Изменить стиль страницы

       Нет, нет, это не Мамиконян своим обманом заставил его стать самым несчастным и одиноким сапожником на свете.

*     *     *

       Армяне великолепно приспособились к жизни в этой стране за то короткое время, что они здесь находятся. Мой сосед с востока – Дональд Касапян, заместитель президента страховой компании «Метрополитен». Таким образом, прямо здесь, в роскошном Ист-Хэмптоне, и к тому же непосредственно на берегу, рядышком обитают сразу два армянина. Бывшая усадьба Джона Пирпонта Моргана в Саут-Хэмптоне принадлежит теперь Кеворку Ованесяну, который владел киностудией «ХХ век – Фокс», пока не продал ее на прошлой неделе.

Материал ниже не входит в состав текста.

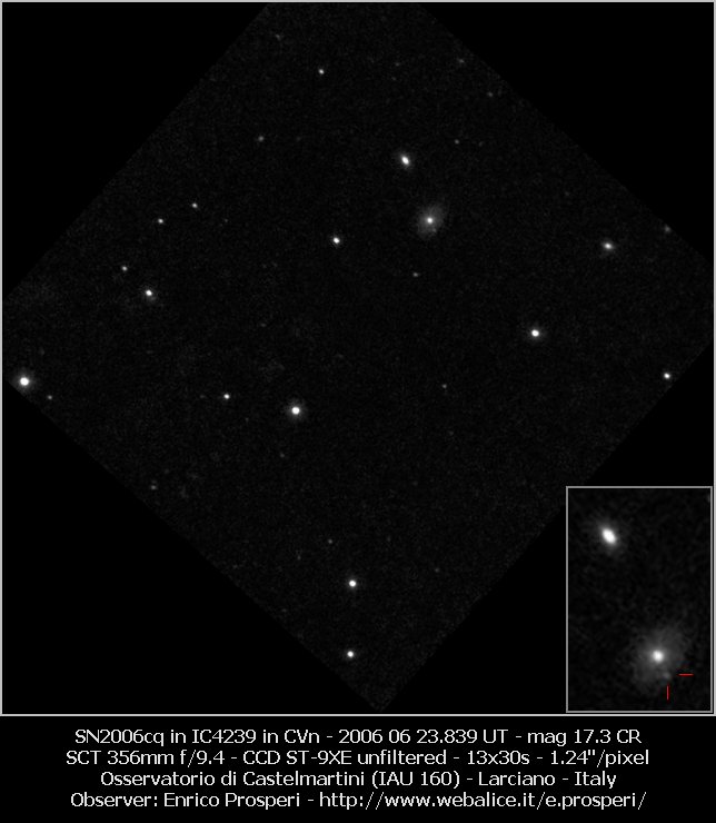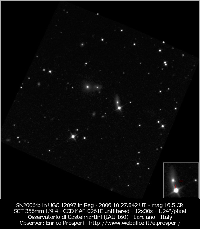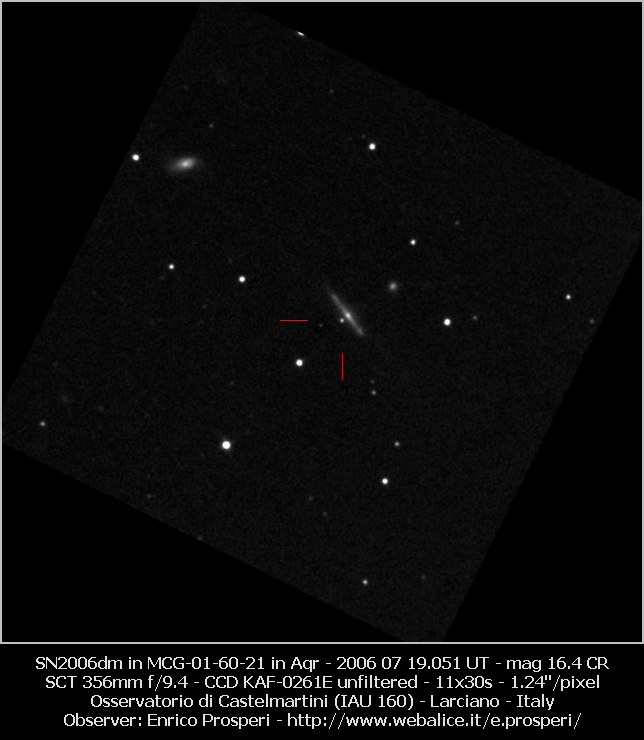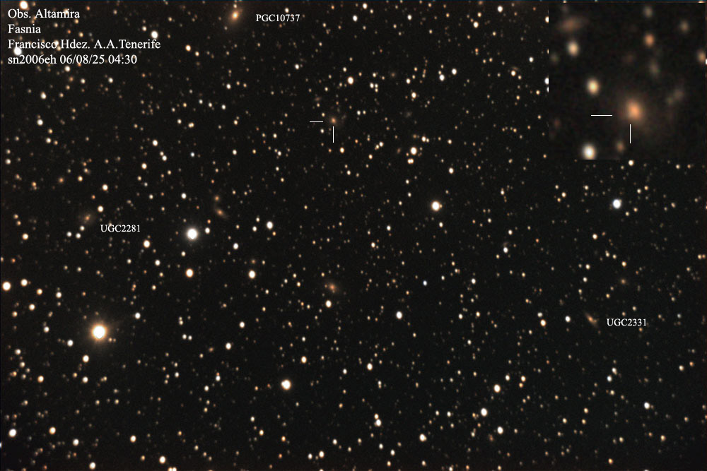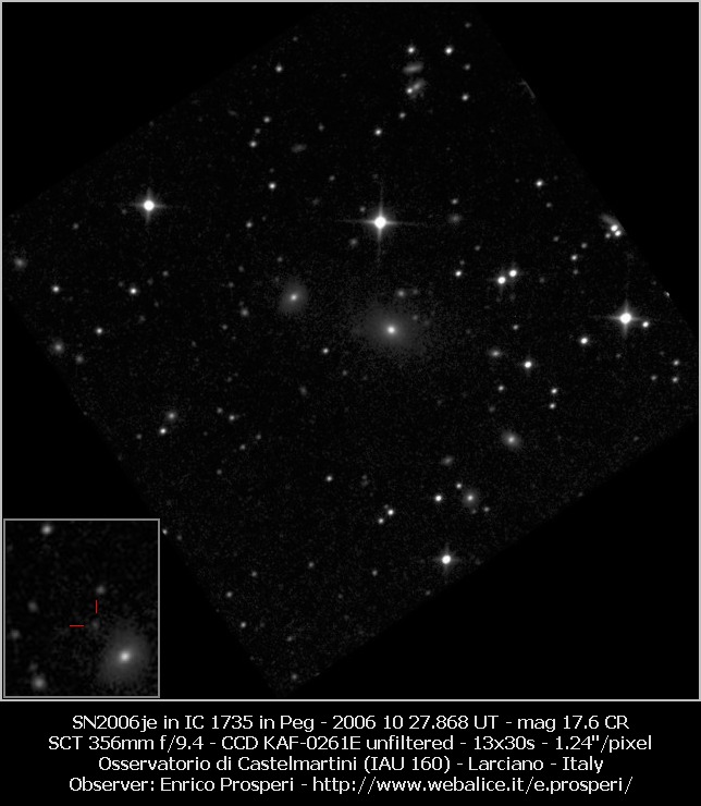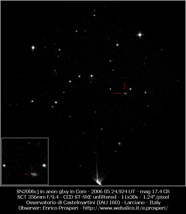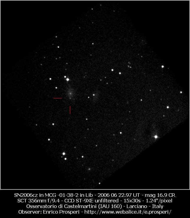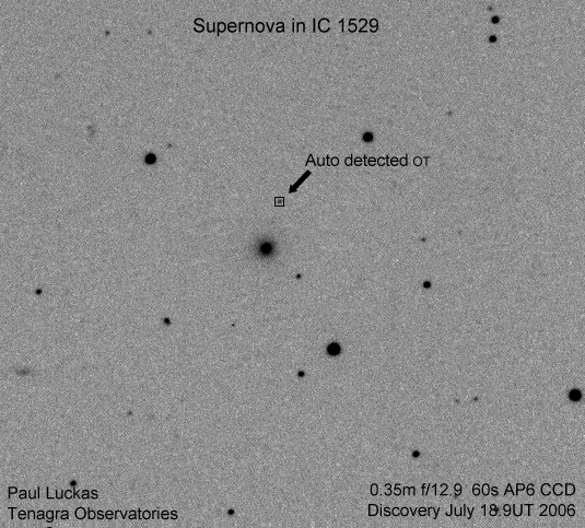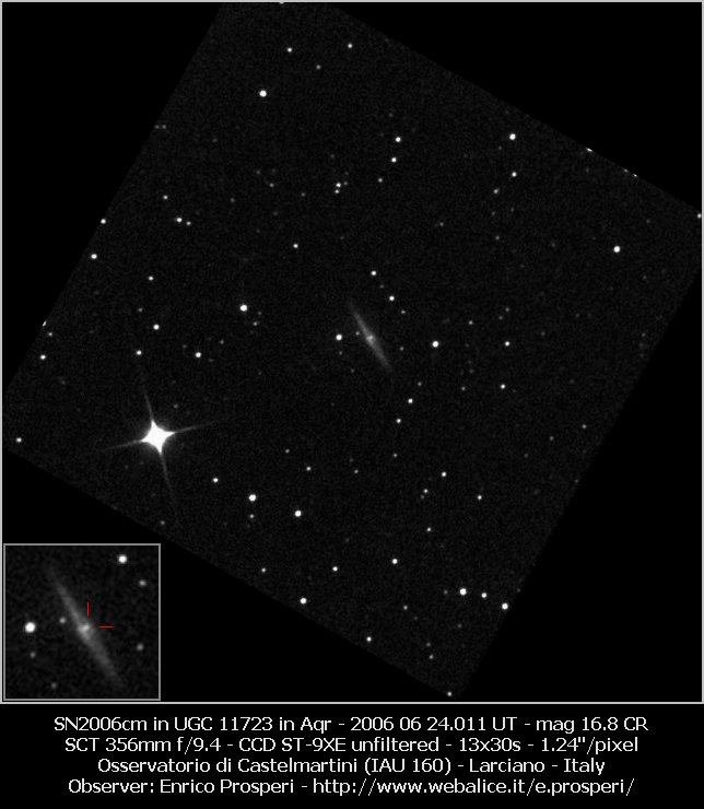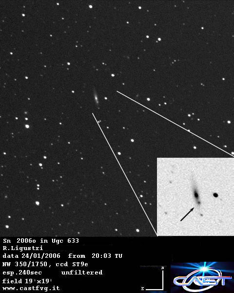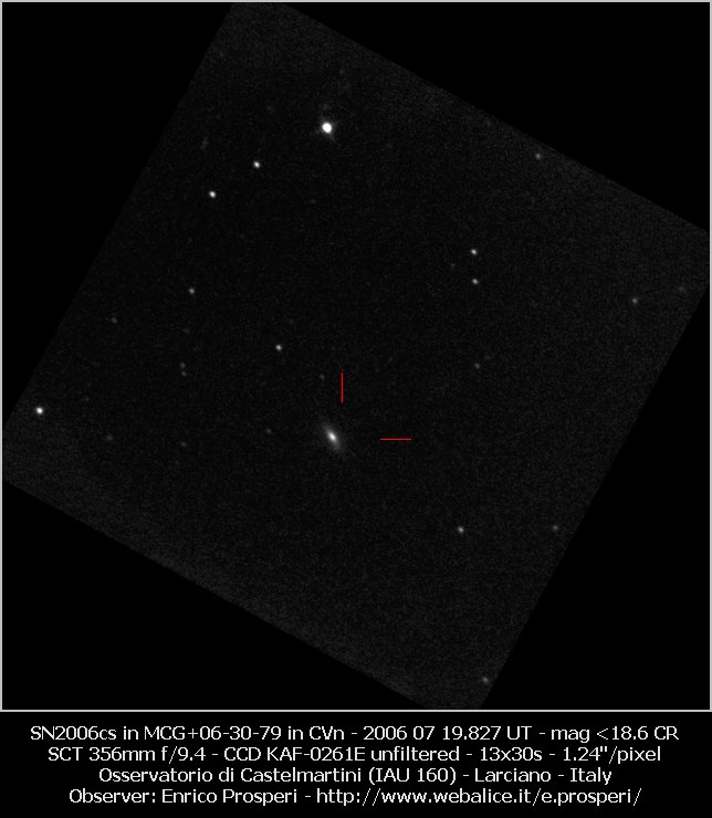 This is a list of the supernovae discovered in 2006. For supernovae which are still visible, please look at the main page for the latest data.   Note that Extra galactic Novae have been moved to a special Extra galactic novae page.   For more information, you can look at the following Supernova Catalogs:

       Армяне отличились не только в области бизнеса. Великий писатель Уильям Сароян был армянином. Профессор Джордж Минтучян, избранный недавно ректором Чикагского университета, тоже армянин. Профессор Минтучян – признанный специалист по Шекспиру. Мой отец мог бы стать таким специалистом.

       Цирцея Берман только что зашла ко мне и прочла то, что было на листе, заправленном в пишущую машинку – то есть, десять строк над этой строкой. Сейчас она уже ушла.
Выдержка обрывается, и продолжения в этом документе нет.